С Отто мы подружились. Но были уверены, что никогда больше не встретимся. Как это и бывало тогда. „Ну, бывай!“ — „Всего тебе!“ — И не оглянуться, уходя. „Рад был знакомству“ — и все дела.
— Так уж вышло, — сказал Отто.
Что потом обернулось совсем по-другому, что мы не только снова встретились, но и многие годы работали вместе, — это невозможно было предвидеть.
Ничего нельзя было предвидеть из того, что случилось со мной потом.
Сперва он меня не узнал. Что неудивительно: кепка надвинута на лоб, в уголке рта дымится окурок. Я играл сутенера. Типичная для меня роль. Мне часто доставалось играть злодеев. Подходящая рожа и фигура. В немом кино играешь того, кем выглядишь. Если бы они не сделали меня во время атаки героем поневоле, я бы, может, проходил на роли простых парней — детей природы. Те могут быть худыми и долговязыми. А я играл силачей, борцов или вот сутенера.
Тогда еще не было этих превосходно оборудованных павильонов, где в одном зале можно построить Содом, а в другом Гоморру. Мы снимали на Валь-штрассе у Шпиттельмаркта. В застекленной мансарде, где когда-то раньше была частная художественная школа. Множество стекол было хорошо для света, но плохо для здоровья. Летом потеешь как свинья и должен постоянно подправлять грим. А зимой кости от холода гремят так, что того и гляди вывалятся из кожи. Но в киношке можно было заработать денег. А в кабаре приходилось выступать за гуляшный суп и пять марок. При таких гонорарах, да еще и во времена инфляции на рыцарский замок не скопить.
Режиссером был Франц Хофер, у которого тогда еще была своя кинокомпания, которая постоянно прогорала. Чтобы как-то держаться на плаву, он снимал просветительские фильмы. Педагогический этикет для похабщины, воздействующей на публику. „Исповедь падшей“ и тому подобное. Мой фильм назывался „Пути греха“. Мне доставались роли, с которыми я мог бы испортить себе репутацию. Если бы она у меня тогда была.

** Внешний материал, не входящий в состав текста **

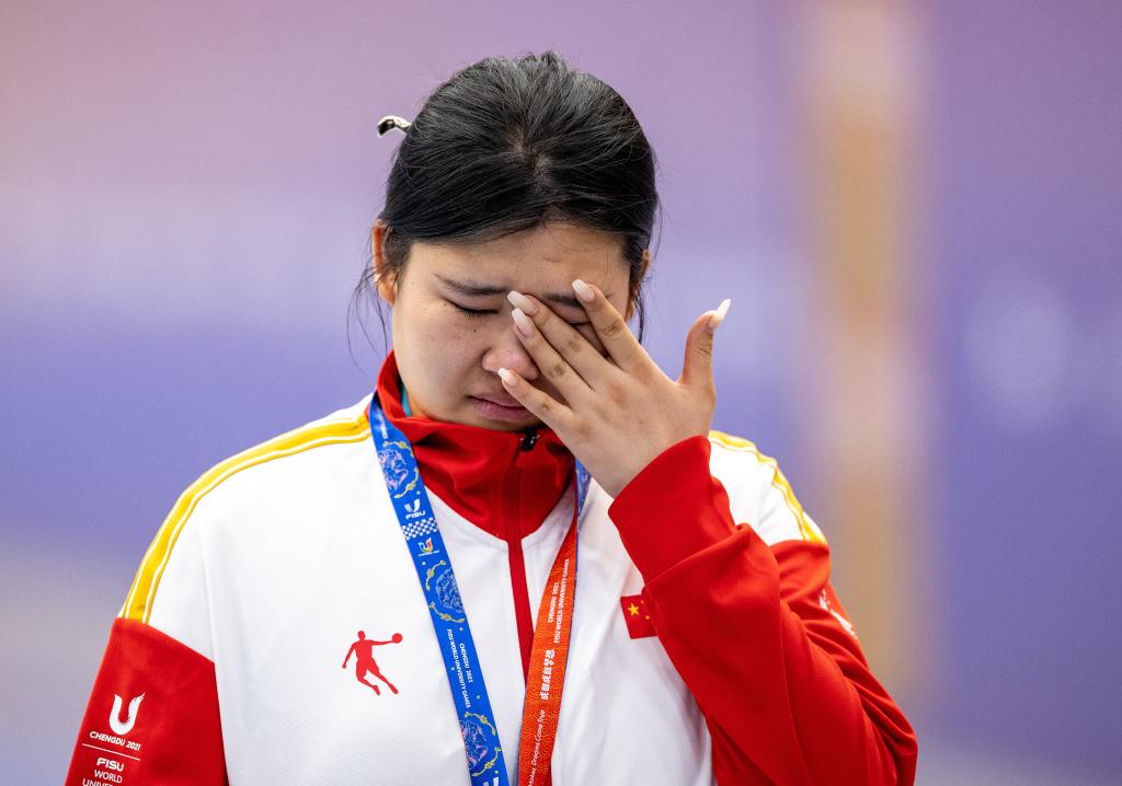 新華社成都8月1日電(記者王春燕、姚友明)中國大學生體育代表團1日在成都大運會繼續(xù)高歌猛進,共有10枚金牌入賬,以27金9銀10銅的成績繼續(xù)領跑金牌榜。賽場內(nèi)外,大學生運動員們也用歡笑與淚水“定格”青春的模樣。
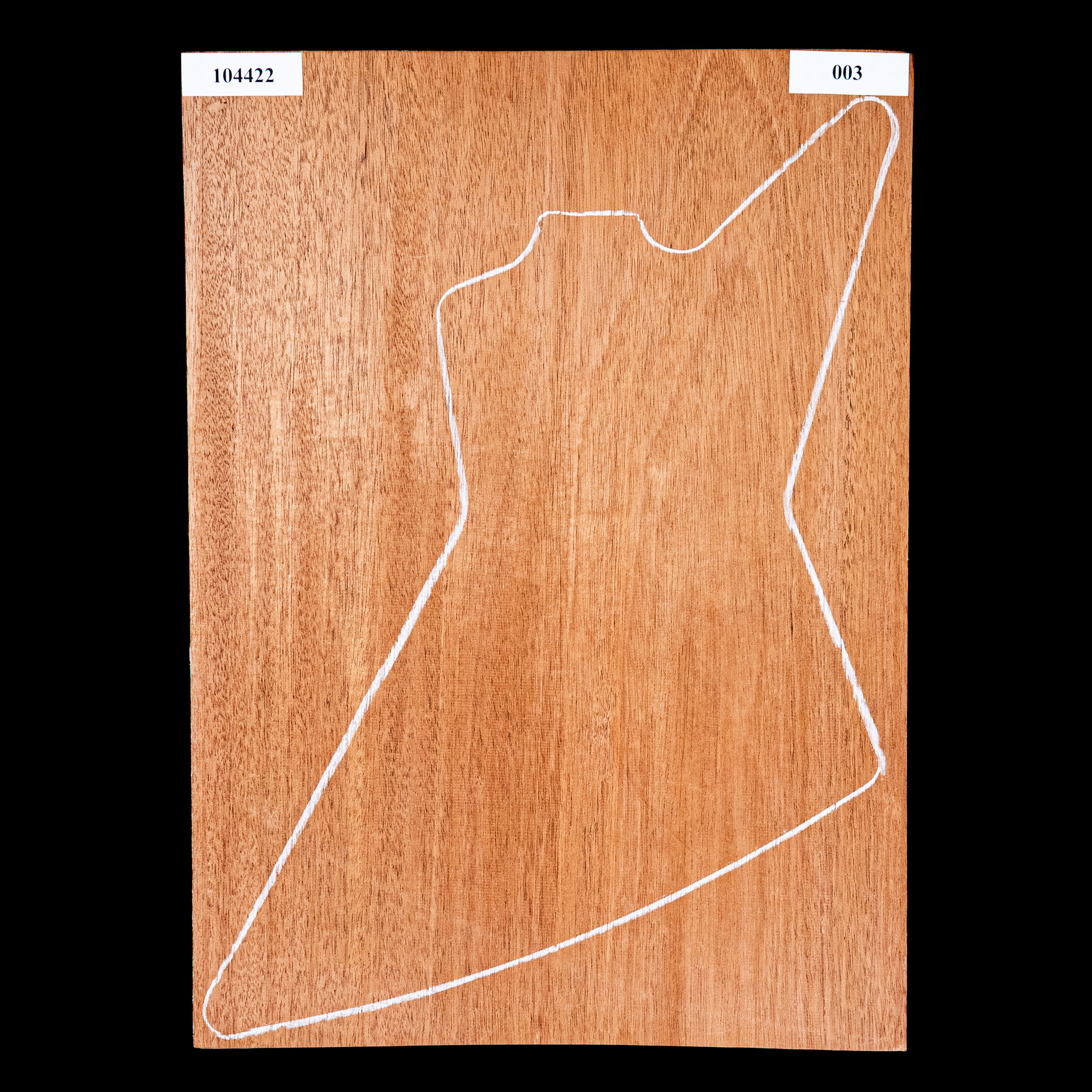 While it's denser and more fibrous than Honduran Mahogany, African Mahogany works and cuts well with both hand and power tools. The reddish-brown coloring will make a beautiful guitar with either a solid or translucent finish. It's an open pore wood, and requires filler to level the grain.
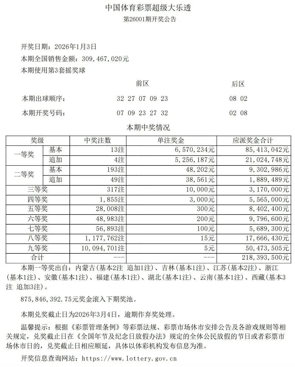 近日,超级大乐透第26001期、即2026年的首期开奖。前区开出号码07、09、23、27、32;后区开出号码02、08。苏州3205025427网点——位于昆山前进西路1588号天地华城商业内街的体彩网点开出一等奖1注,奖金达657万元。
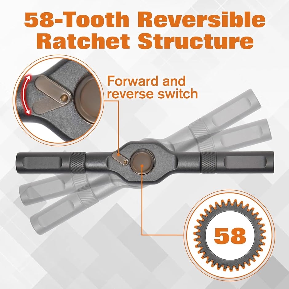 デザイン:省力化ラチェット設計、58歯の前進および逆ラチェット機構により、労力を80%削減し、6.2度のラチェット設計、快適なグリップ、長持ちする快適さ。
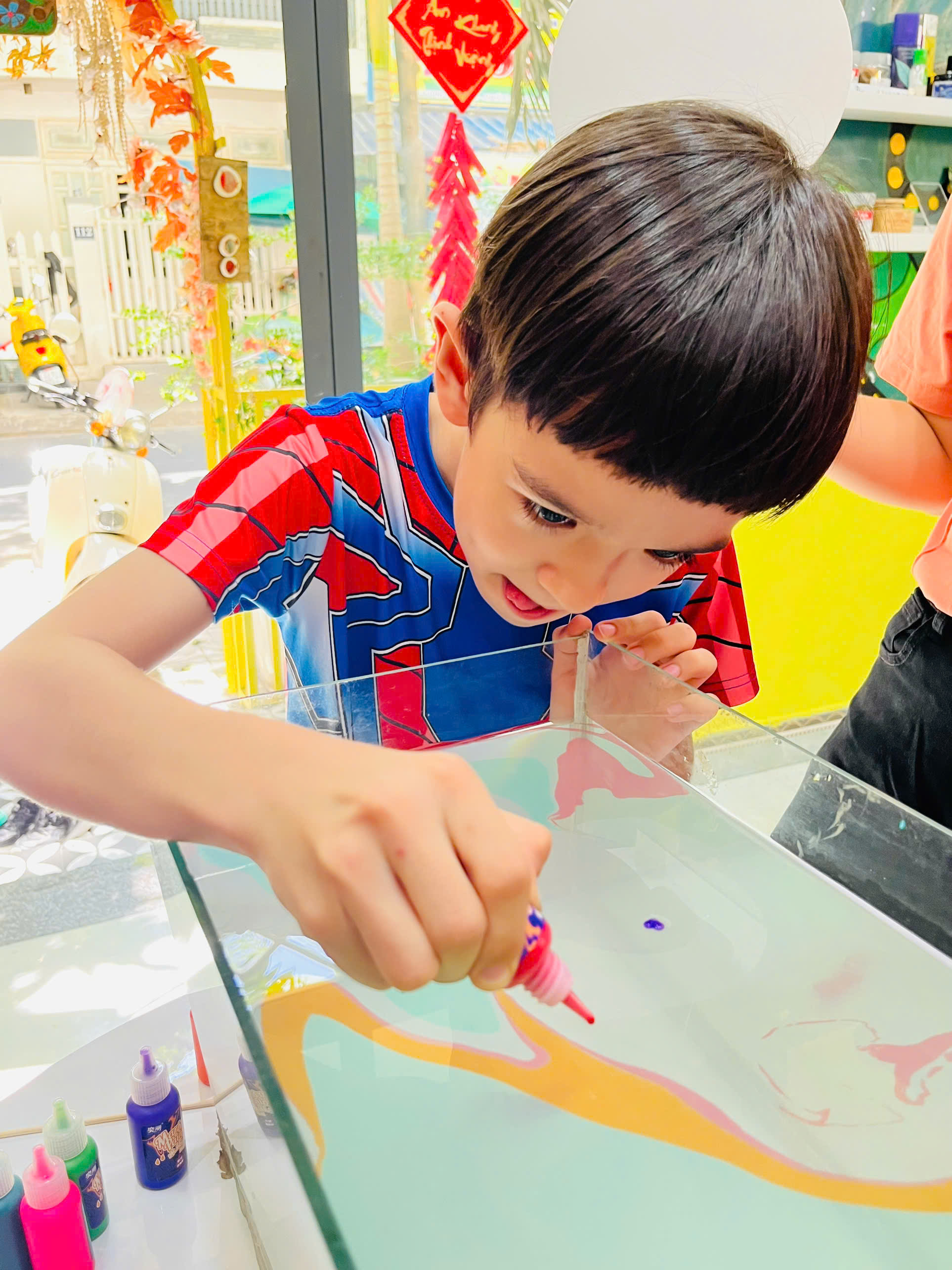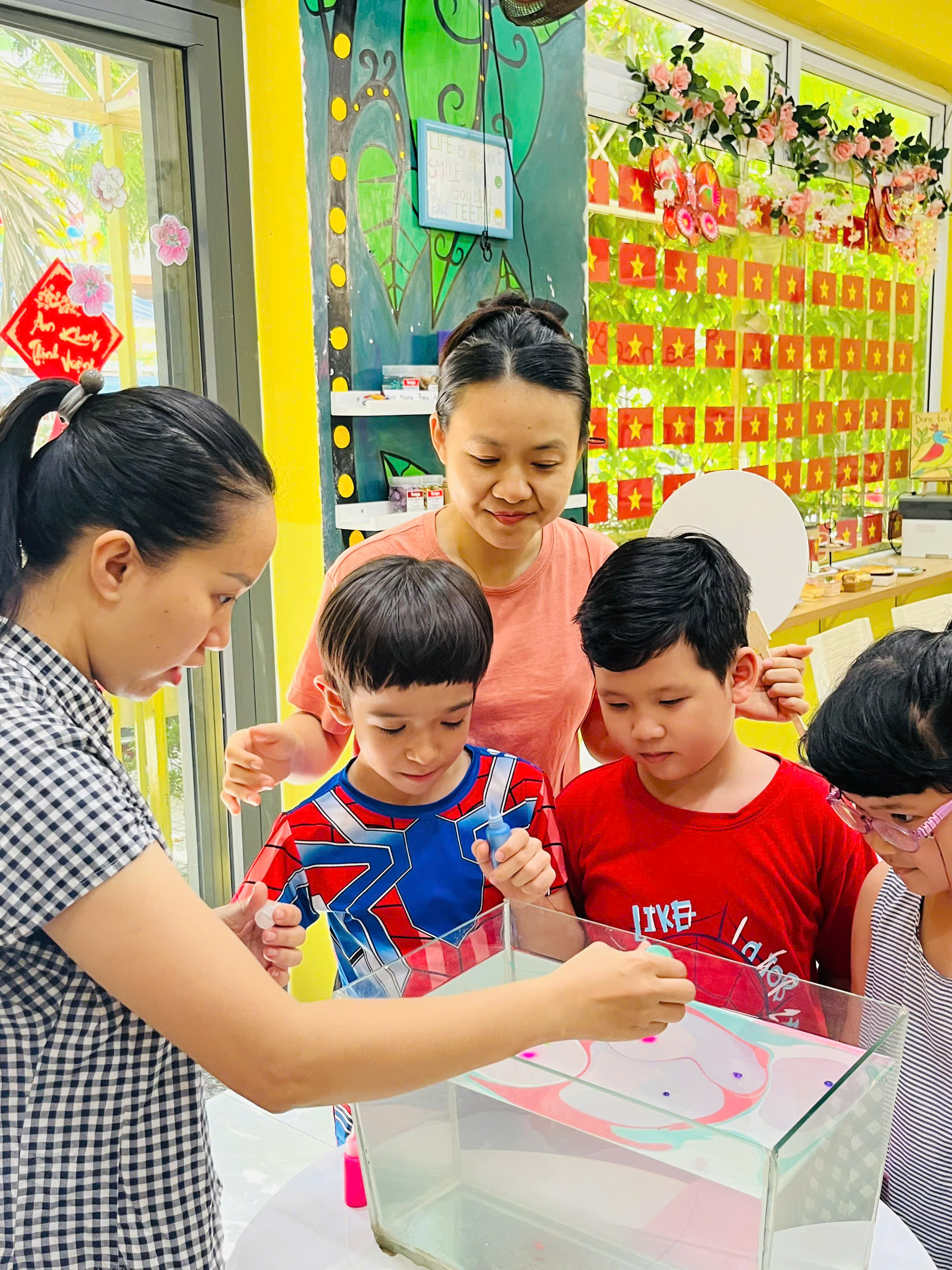- Tự tay chọn màu, pha chế và sáng tạo họa tiết trên mặt nước

Я давно забыл сюжет фильма. Помню теперь лишь одну сцену, на которой мы и встретились с Отто. Передо мной стояла на коленях Грита ван Рит, которая была тогдашней страстью Хофера и потому играла главные роли. С красным гримом вокруг глаз. Потому что в фильме это получается отменно темными тенями. И с двумя полосками вазелина, проведенными вдоль щек, что должно было выглядеть как слезы. В сцене она о чем-то молила меня, не помню о чем — то ли я должен был вызволить ее из ада греха, то ли спасти от голодной смерти ее старую мать, то ли не плевать больше ей в суп, — не важно, эти детали они потом проясняют в титрах. Мне нечего было делать, кроме как выглядеть так, как Хофер представлял себе злодея. Безжалостным и неумолимым. Грита была голландка. Чтобы иметь нужное выражение лица, она вела свой монолог на родном языке, на котором я тогда не понимал ни слова. Она так никогда и не выучилась говорить по-немецки как следует. И когда наступила эра звукового кино, она сошла с экрана. Тогда как для меня все только начиналось.
Итак, она жалобно излагала мне историю своей жизни, а может, перечисляла цены на сыр на рынке в Алькмааре, я ведь не понимал. Я лишь надеялся все время, что Хофер скоро прекратит сцену. Мой окурок становился все короче, и я не хотел обжечь губы.
И тут чей-то голос произносит:
— Ну ничего себе. Это же Герсон!
Во время съемок немого кино в павильоне всегда кто-нибудь болтал, техники или коллеги, не занятые в сцене. Не отвлекаться на эти речи быстро привыкаешь. Но в тот день я выбежал из кадра прямо посреди жалобной арии Гриты. Мне было плевать, что Хофер разозлится.
Я снова обрел Отто Буршатца. В киностудии у Шпиттельмаркта.
Он воспринял эту случайность как нечто само собой разумеющееся, это было в его стиле.
— Так уж вышло, — сказал он. — Тебе от меня не отвертеться.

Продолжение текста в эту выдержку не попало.